** Opening TASK MATERIAL block **

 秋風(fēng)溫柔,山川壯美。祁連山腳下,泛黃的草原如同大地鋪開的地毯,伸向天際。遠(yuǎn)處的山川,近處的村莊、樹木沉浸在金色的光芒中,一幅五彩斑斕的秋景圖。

** Closing TASK MATERIAL block **
** Opening TASK MATERIAL block **

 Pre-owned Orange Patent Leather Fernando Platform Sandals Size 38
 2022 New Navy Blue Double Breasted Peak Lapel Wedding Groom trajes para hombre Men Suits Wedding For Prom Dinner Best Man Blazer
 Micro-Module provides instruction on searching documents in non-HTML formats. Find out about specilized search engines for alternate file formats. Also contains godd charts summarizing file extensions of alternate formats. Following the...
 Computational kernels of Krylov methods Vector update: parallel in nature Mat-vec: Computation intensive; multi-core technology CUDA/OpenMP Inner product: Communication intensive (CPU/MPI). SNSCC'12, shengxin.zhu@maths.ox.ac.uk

** Closing TASK MATERIAL block **

» **EXERCISE DESCRIPTION**
Starting at the line above that contains "2022 New Navy", write out each line exactly until the line that contains "Computational kernels of" has been written, and stop there.

» **RESULT OF THIS EXERCISE**
 2022 New Navy Blue Double Breasted Peak Lapel Wedding Groom trajes para hombre Men Suits Wedding For Prom Dinner Best Man Blazer
 Micro-Module provides instruction on searching documents in non-HTML formats. Find out about specilized search engines for alternate file formats. Also contains godd charts summarizing file extensions of alternate formats. Following the...
 Computational kernels of Krylov methods Vector update: parallel in nature Mat-vec: Computation intensive; multi-core technology CUDA/OpenMP Inner product: Communication intensive (CPU/MPI). SNSCC'12, shengxin.zhu@maths.ox.ac.uk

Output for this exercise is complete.